Но здесь стоит вспомнить и еще об одном моменте, который публика не замечала и у которого есть чисто издательский оттенок. Если проза, фразировка Йозефа Рота так легко вошла в плоть итальянского языка, то это стало заслугой не столько кого-либо из его многочисленных переводчиков, сколько его единственного редактора – Лучано Фоа. Книга за книгой, от «Склепа капуцинов» (1974) до «Сказки 1002-й ночи» (1994), Фоа каждый год отводил некоторое количество недель на вычитку Рота. Это казалось его очевидной и неотъемлемой обязанностью. А результатом была та точность деталей и та тонкая патина, которая защищала целое, – без них невозможно уловить особенность Рота. Мало кого из писателей Фоа любил беззаветно. Прежде всего Стендаля и Кафку. А в Роте он видел наибольшее приближение к Стендалю, которого достиг двадцатый век.

Твердая, как алмаз, связь между именем Adelphi и Центральной Европой сложилась в период с 1970 по 1980 год, прежде всего, благодаря нескольким книгам, вышедшим в Библиотеке. Начало ей положил «Андреа» Гофмансталя, за которым в серии последовали Краус, Лоос, Хорват, Рот, Шницлер, Канетти, Витгенштейн. И я замечаю, что в 1980 году еще не были изданы Альтенберг, Полгар, Лернет-Холения.

Но у памяти есть свои причуды: она накладывает последующие проекции на те, что относятся ко времени самих событий, и пренебрегает деталями, которые тогда были яркими. Поэтому я испытал облегчение, когда мне в руки случайно попали написанные от руки листки, на которых я набросал слова благодарности, произнесенные в сентябре 1981 года, когда австрийские власти любезно присудили мне Ehrenkreuz litteris et artibus[6] (а слово Ehrenkreuz сразу вызывало у меня в памяти одно из самых завораживающих произведений Крауса, посвященное защите проститутки, осмелившейся пришпилить себе на грудь этот почетный знак, которым был награжден один из ее клиентов). Я воспроизвожу их здесь полностью, потому что они дают представление о том, как эти факты воспринимались тогда:

«Ребенком, уже в начальной школе, я, как и все итальянские дети в последние сто лет, впервые встретил Австрию в учебнике, где говорилось о маршале Радецком, которого там называли “зверем”. Так что зверь Радецкий был первым австрийцем, с которым я столкнулся. Потом мы заучивали наизусть “Святого Амвросия” Джусти, и там встречались другие австрийцы – более безликие, солдаты с топорщащимися усами, бедные люди “здесь, в стране, которая их не любит”.

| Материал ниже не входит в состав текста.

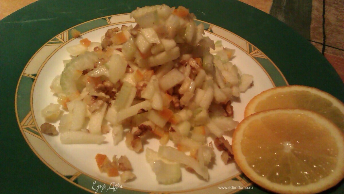 Палочки сельдерея помыть, просушить, порезать тонко и не очень крупно. Очистить с яблок кожу, порезать тонкой соломкой. Орешки порубить. Всё смешать. Заправит соком апельсина и лимона. - Шаг 3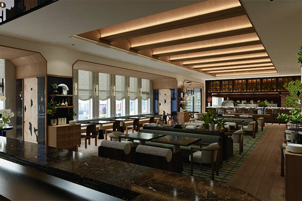 座落於大巨蛋商場 8 樓,設計靈感擷取自體育競技與社交娛樂的交匯點,完美復刻 1920 年代風起雲湧的裝飾藝術美學 。從採用花梨木與琥珀壓花玻璃致敬經典飯店設計的尊榮門面,到結合自然光與淺色木質、營造明亮活力的 78 席開放大廳,處處顯影出新美式風格 。容納24席的包廂以高飽和度的勃根地酒紅與桃花心木為主調 ,強調「私密沙龍的沉浸感」。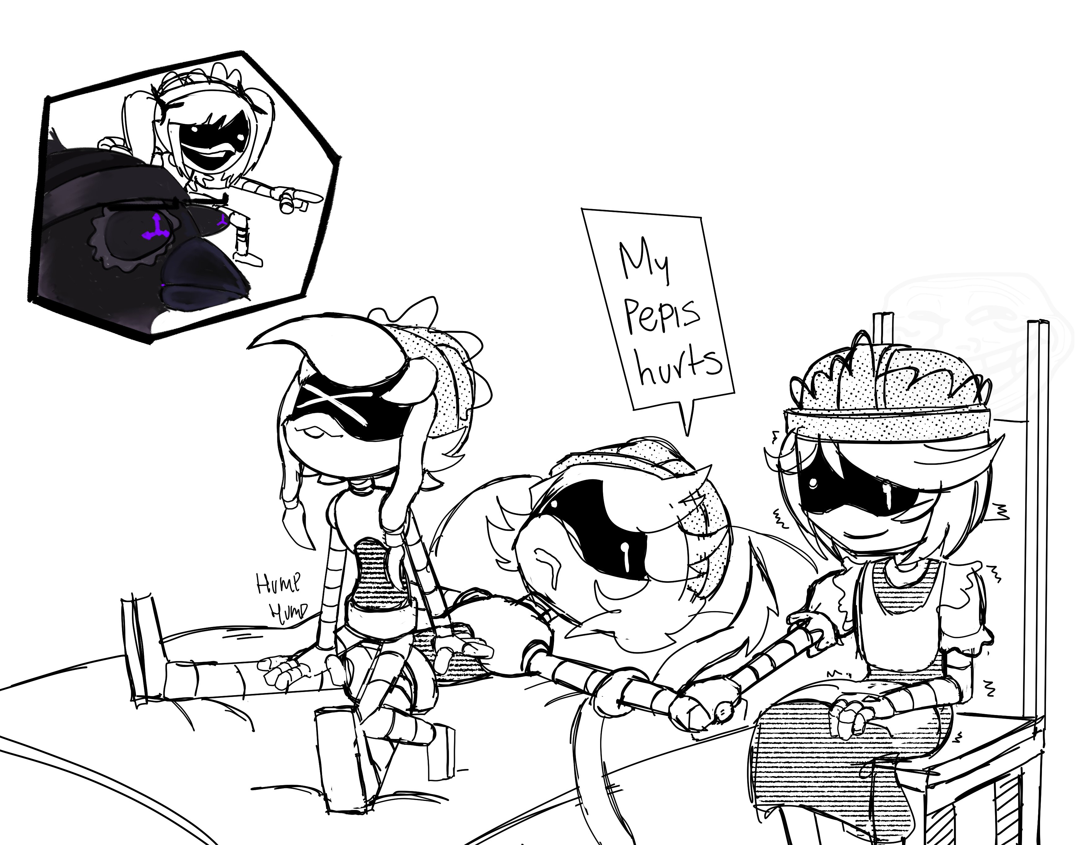 More of the Solverless timeline and the direct sequel to what I posted earlier this week >>160723. The joke/story here is loosely based on some theories/interpretations about Cyn being Uzi’s parallel. In this case, it is about how they are both convinced that the world is against them because people dislike them for completely legitimate reasons.

К счастью для себя, я всегда был склонен считать нереальным то, о чем читал в книгах по истории. Поэтому я стер все слишком точные образы Австрии до тех пор, пока в 1957 году, в шестнадцать лет, не увидел в книжном магазине Hoepli в Риме первый том “Человека без свойств” Роберта Музиля, изданного Einaudi. Имя мне было неизвестно, на обложке была красивая картина Вюйара. Что-то в этой книге сразу привлекло меня: я был покорен портретом Леоны, возлюбленной Ульриха, легкомысленной, ненасытной, всегда заказывавшей в ресторане pommes ? la Melville[7]. А сразу после я был покорен главой, в которой начинается описание Какании, “этого непонятого и уже исчезнувшего государства, которое во многих вещах было образцом, не в достаточной мере оцененным”. В этой стране с опереточным названием, центром тяжести которой был великий преступник – Моосбрюггер, – я, наконец, встретил Австрию не только как историческую единицу, но и как место души. И постепенно для меня эта страна с ее сплетением наций и различий стала заселяться: она стала страной Кафки и Шёнберга, Лооса и Кубина, Альтенберга и Шиле, Витгенштейна и Фрейда, Полгара и Шницлера.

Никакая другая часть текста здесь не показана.